**TASK TO CARRY OUT:**
Exactly the lines from the one containing "2Vitamin B6 und" through the one containing "Maskinen passar för" in the listing below are to be copied, with the pictures left out.

**MATERIAL SUPPLIED:**
□ □ □ □ □ □ □

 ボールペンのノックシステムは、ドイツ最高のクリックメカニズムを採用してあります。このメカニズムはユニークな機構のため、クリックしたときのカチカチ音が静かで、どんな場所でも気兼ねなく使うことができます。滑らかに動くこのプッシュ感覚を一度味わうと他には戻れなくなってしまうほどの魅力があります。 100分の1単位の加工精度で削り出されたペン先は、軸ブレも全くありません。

□ □ □ □ □ □ □

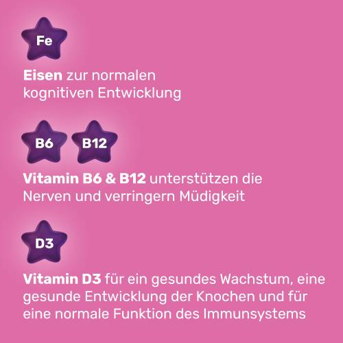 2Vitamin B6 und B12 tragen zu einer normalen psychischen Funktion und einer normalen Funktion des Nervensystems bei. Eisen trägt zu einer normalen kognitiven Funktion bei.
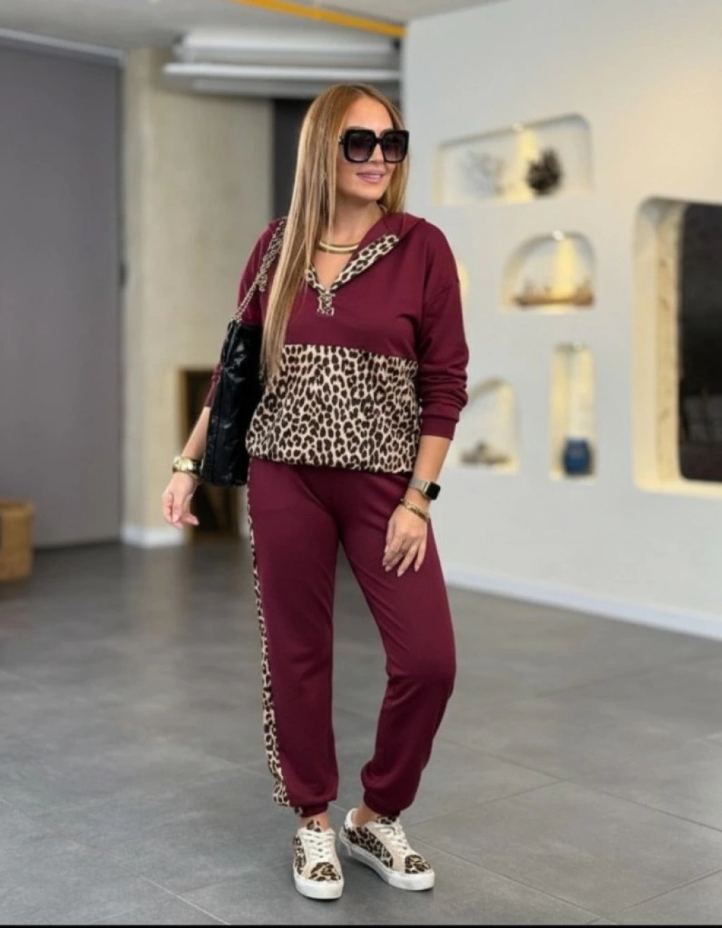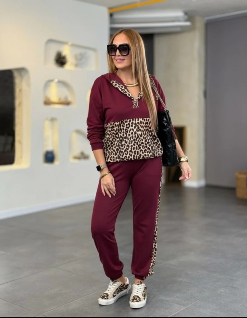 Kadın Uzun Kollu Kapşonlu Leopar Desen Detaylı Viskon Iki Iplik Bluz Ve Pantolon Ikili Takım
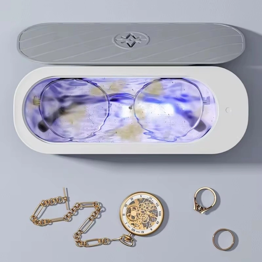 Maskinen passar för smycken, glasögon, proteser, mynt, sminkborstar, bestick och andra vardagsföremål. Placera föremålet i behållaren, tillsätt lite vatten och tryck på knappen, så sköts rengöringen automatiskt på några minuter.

□ □ □ □ □ □ □

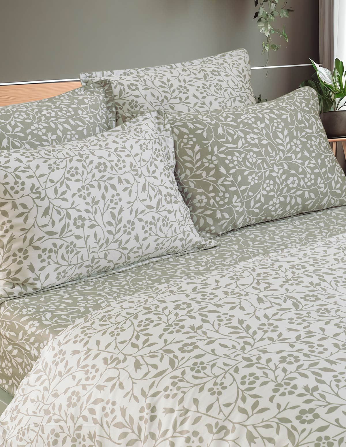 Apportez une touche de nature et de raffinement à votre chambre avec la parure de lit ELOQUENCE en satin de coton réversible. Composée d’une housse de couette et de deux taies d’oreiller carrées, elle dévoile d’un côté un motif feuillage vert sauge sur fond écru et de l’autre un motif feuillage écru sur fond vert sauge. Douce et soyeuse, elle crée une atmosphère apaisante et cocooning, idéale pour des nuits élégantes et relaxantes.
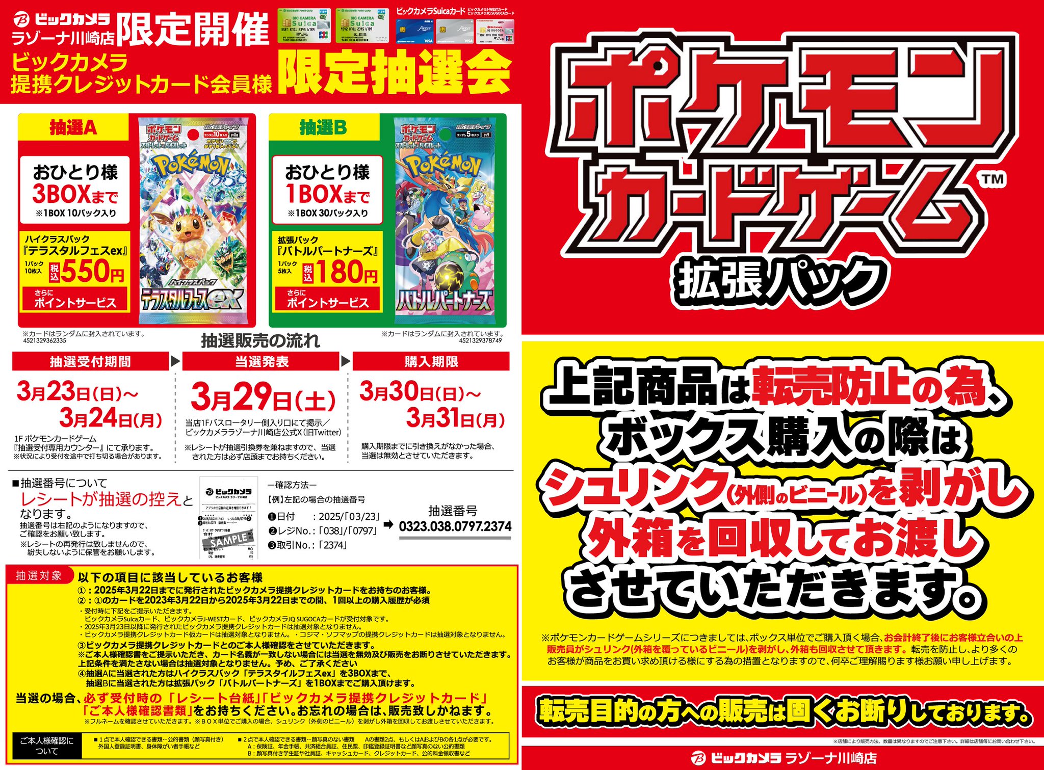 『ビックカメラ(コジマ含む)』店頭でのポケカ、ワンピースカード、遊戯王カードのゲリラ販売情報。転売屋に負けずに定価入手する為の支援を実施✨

□ □ □ □ □ □ □

**RESULT FOR THIS EXERCISE:**
 2Vitamin B6 und B12 tragen zu einer normalen psychischen Funktion und einer normalen Funktion des Nervensystems bei. Eisen trägt zu einer normalen kognitiven Funktion bei.
 Kadın Uzun Kollu Kapşonlu Leopar Desen Detaylı Viskon Iki Iplik Bluz Ve Pantolon Ikili Takım
 Maskinen passar för smycken, glasögon, proteser, mynt, sminkborstar, bestick och andra vardagsföremål. Placera föremålet i behållaren, tillsätt lite vatten och tryck på knappen, så sköts rengöringen automatiskt på några minuter.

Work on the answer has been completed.